* **GOAL OF THE EXERCISE**:
Below is a listing; retype exactly the line with "Ο Δήμος Κιλκίς, η" and every line after it through the end, and only those, leaving out the pictures.

*** INFORMATION SHOWN ***

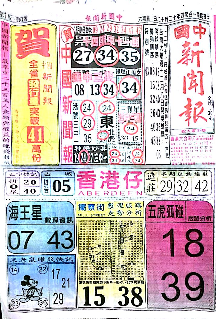 今彩539 2020/10/07 台北鐵報分享 供您參考
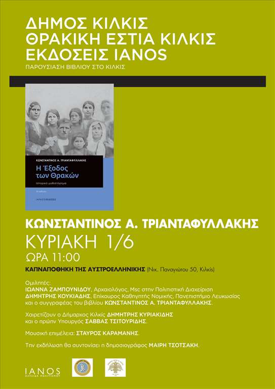 Ο Δήμος Κιλκίς, η Θρακική Εστία Κιλκίς και οι εκδόσεις Ιανός παρουσιάζουν την ερχόμενη Κυριακή 1η Ιουνίου στις 11:00 στην Καπναποθήκη της Αυστροελληνικής το ιστορικό μυθιστόρημα του Κωνσταντίνου Α. Τριανταφυλλάκη ‘’Η Έξοδος των Θρακών’’.
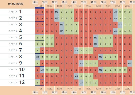 ⚡️ Орієнтовний графік заживлення для груп споживачів • 04.02.2026
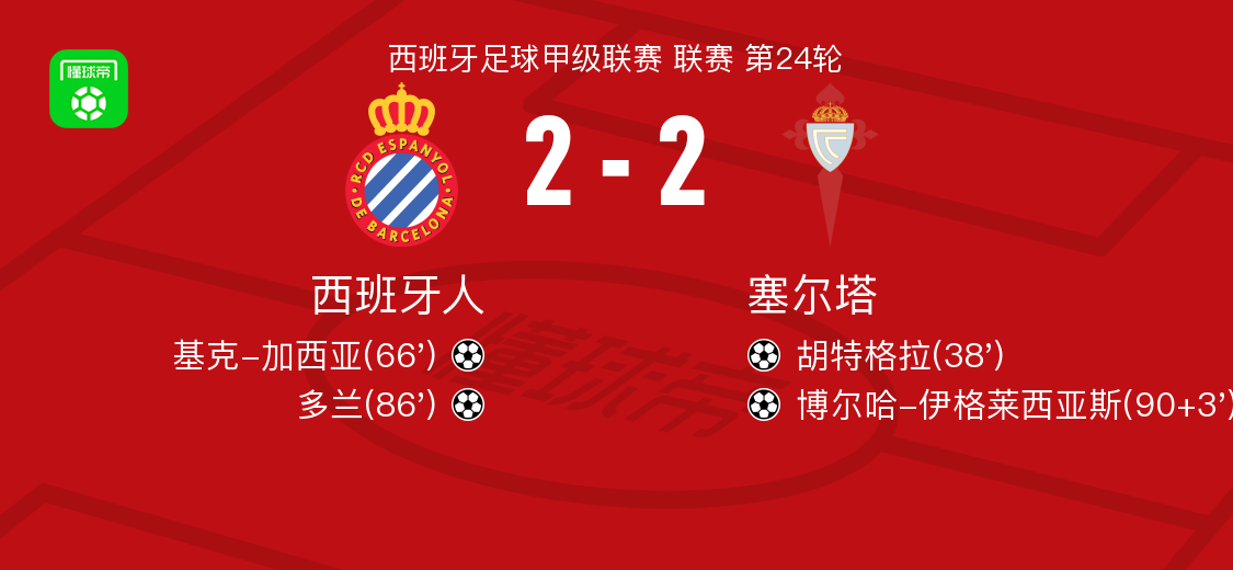 北京时间2月14日西班牙足球甲级联赛 联赛 第24轮,西班牙人主场对阵塞尔塔。西班牙人基克-加西亚破门,多兰破门。塞尔塔胡特格拉破门,博尔哈-伊格莱西亚斯破门。最终比分西班牙人 2-2 塞尔塔。

***

* **TASK RESULT**:
 Ο Δήμος Κιλκίς, η Θρακική Εστία Κιλκίς και οι εκδόσεις Ιανός παρουσιάζουν την ερχόμενη Κυριακή 1η Ιουνίου στις 11:00 στην Καπναποθήκη της Αυστροελληνικής το ιστορικό μυθιστόρημα του Κωνσταντίνου Α. Τριανταφυλλάκη ‘’Η Έξοδος των Θρακών’’.
 ⚡️ Орієнтовний графік заживлення для груп споживачів • 04.02.2026
 北京时间2月14日西班牙足球甲级联赛 联赛 第24轮,西班牙人主场对阵塞尔塔。西班牙人基克-加西亚破门,多兰破门。塞尔塔胡特格拉破门,博尔哈-伊格莱西亚斯破门。最终比分西班牙人 2-2 塞尔塔。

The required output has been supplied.